▸ **EXERCISE REQUIREMENTS**:
Give back every record exactly, with its pictures left out.

Source data
>>>

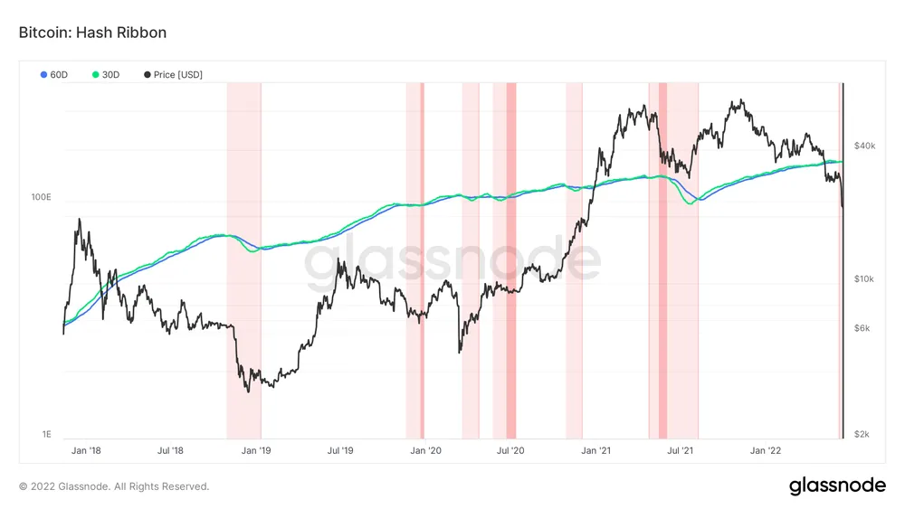 Hash Ribbon sử dụng đường trung bình động 30 ngày và 60 ngày của tỷ lệ băm để xác định thời điểm xảy ra tình trạng đầu hàng của thợ đào. Khi 30 ngày tăng vượt qua 60 ngày, có thể giả định rằng “điều tồi tệ nhất” đã qua khi các thợ đào quay trở lại làm việc.
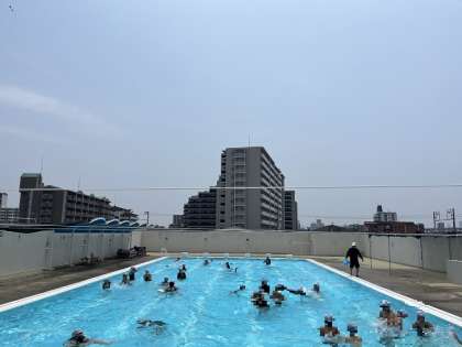 水泳の授業は来週までです。今日は、平泳ぎの練習もしました。泳いだ距離の記録を取っていますが、少しずつ伸びているようです。
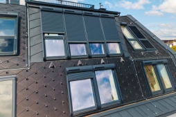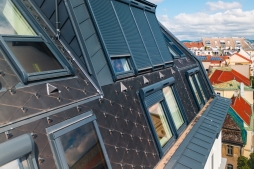 V kombinaci s doplňkovými svislými prvky FXU a lemováním KDV-X vzniklo řešení, které technicky odpovídá současným nárokům a zároveň nenarušuje vizuální kontinuitu historické střechy.
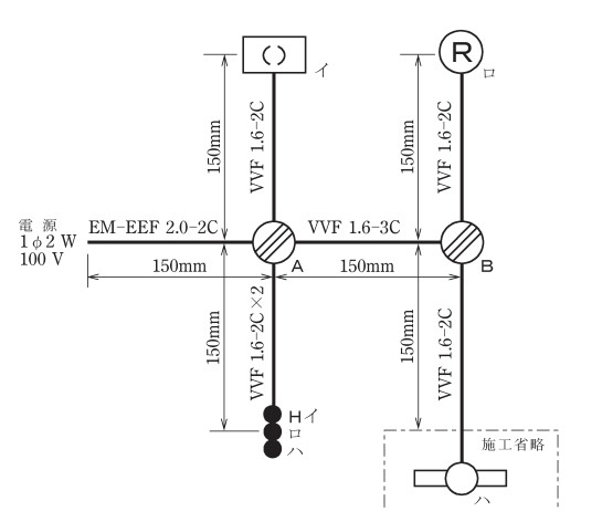 試験では与えられた問題をもとにまず自分で複線図を書き、ケーブルを指定寸法ごとに切り分け、各器具とケーブルを接続し、ケーブル同士を結線させたら完成です。
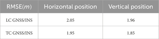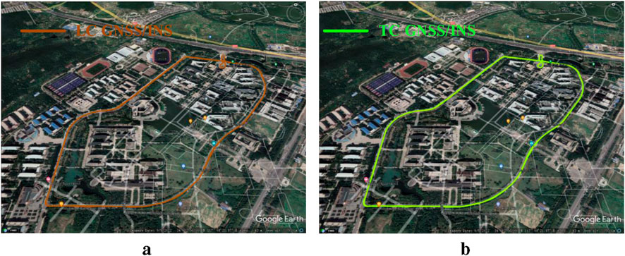 The results of this pre-experiment demonstrate that both LC and TC methods exhibit a significant improvement in positioning accuracy when operating in environments with strong GNSS signals, such as open squares. Under practical conditions, the positioning error of TC GNSS/INS in these areas is observed to be smaller than that of LC GNSS/INS. This finding indicates that LC is capable of delivering high-precision positioning when GNSS signal conditions are favorable. Moreover, the comparative analysis between LC and TC suggests that LC remains a dependable solution for real-world navigation tasks in scenarios where signal quality is sufficient. Hence, it can be concluded that the quality of GNSS signals is a decisive factor in achieving reliable and accurate navigation.
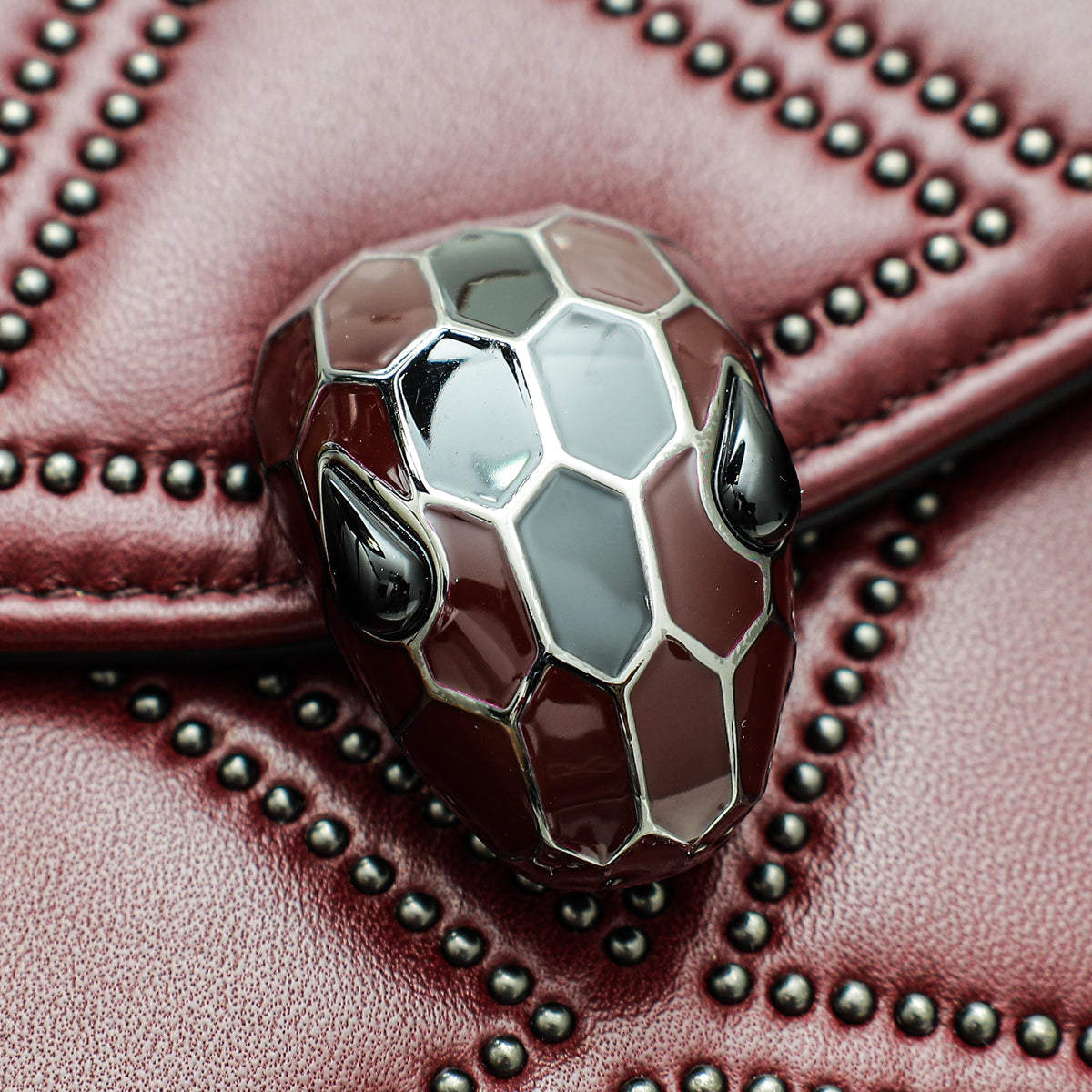 Bvlgari Burgundy Serpenti Forever Studded Small Shoulder Bag
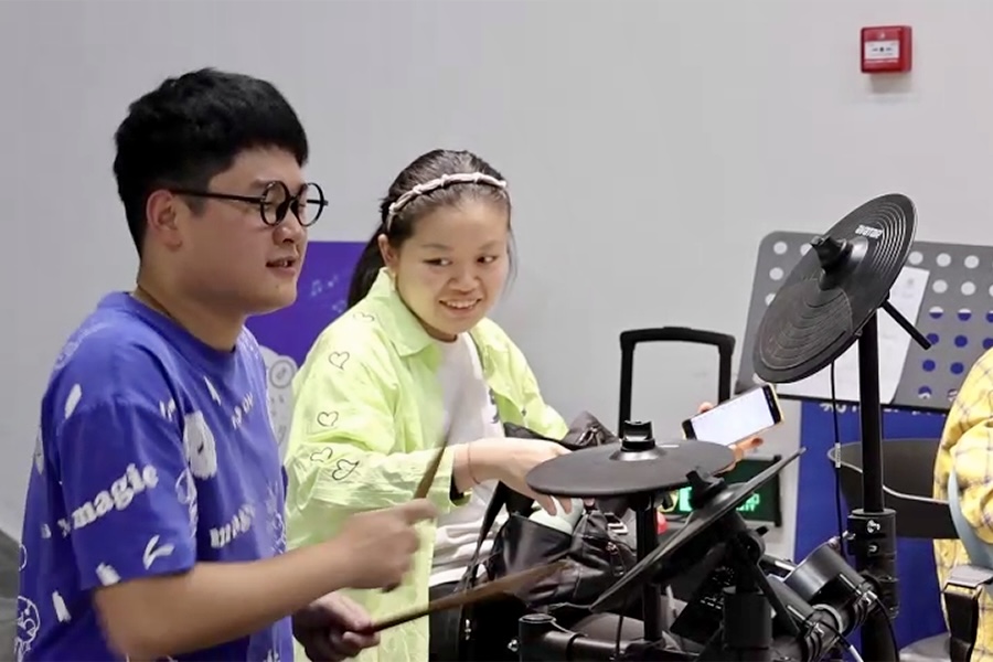 普通孩子在与他们的朝夕相处中,也悄然发生着改变。“他们有不懂的不会自己提出来。因为沟通上存在一些障碍,所以我们就要有耐心地跟他说,哪里可以慢一点,哪里可以快一点。”乐队的初中生成员小艺和小凯说,在协作中更多地学会了接纳、包容彼此。
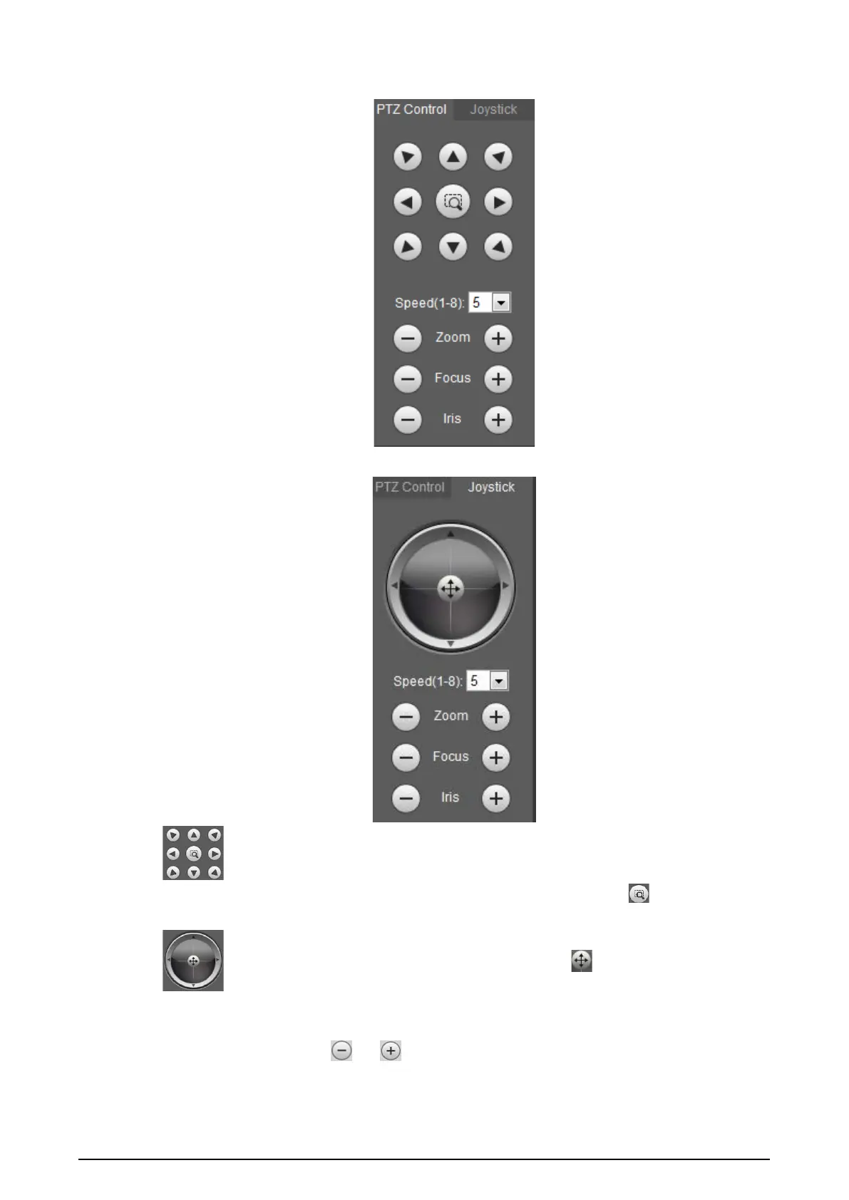 Zoom, focus and iris: Click or to adjust zoom, focus and iris.

<<<

▸ **ANSWER TO THIS EXERCISE**:
 Hash Ribbon sử dụng đường trung bình động 30 ngày và 60 ngày của tỷ lệ băm để xác định thời điểm xảy ra tình trạng đầu hàng của thợ đào. Khi 30 ngày tăng vượt qua 60 ngày, có thể giả định rằng “điều tồi tệ nhất” đã qua khi các thợ đào quay trở lại làm việc.
 水泳の授業は来週までです。今日は、平泳ぎの練習もしました。泳いだ距離の記録を取っていますが、少しずつ伸びているようです。
 V kombinaci s doplňkovými svislými prvky FXU a lemováním KDV-X vzniklo řešení, které technicky odpovídá současným nárokům a zároveň nenarušuje vizuální kontinuitu historické střechy.
 試験では与えられた問題をもとにまず自分で複線図を書き、ケーブルを指定寸法ごとに切り分け、各器具とケーブルを接続し、ケーブル同士を結線させたら完成です。
 The results of this pre-experiment demonstrate that both LC and TC methods exhibit a significant improvement in positioning accuracy when operating in environments with strong GNSS signals, such as open squares. Under practical conditions, the positioning error of TC GNSS/INS in these areas is observed to be smaller than that of LC GNSS/INS. This finding indicates that LC is capable of delivering high-precision positioning when GNSS signal conditions are favorable. Moreover, the comparative analysis between LC and TC suggests that LC remains a dependable solution for real-world navigation tasks in scenarios where signal quality is sufficient. Hence, it can be concluded that the quality of GNSS signals is a decisive factor in achieving reliable and accurate navigation.
 Bvlgari Burgundy Serpenti Forever Studded Small Shoulder Bag
 普通孩子在与他们的朝夕相处中,也悄然发生着改变。“他们有不懂的不会自己提出来。因为沟通上存在一些障碍,所以我们就要有耐心地跟他说,哪里可以慢一点,哪里可以快一点。”乐队的初中生成员小艺和小凯说,在协作中更多地学会了接纳、包容彼此。
 Zoom, focus and iris: Click or to adjust zoom, focus and iris.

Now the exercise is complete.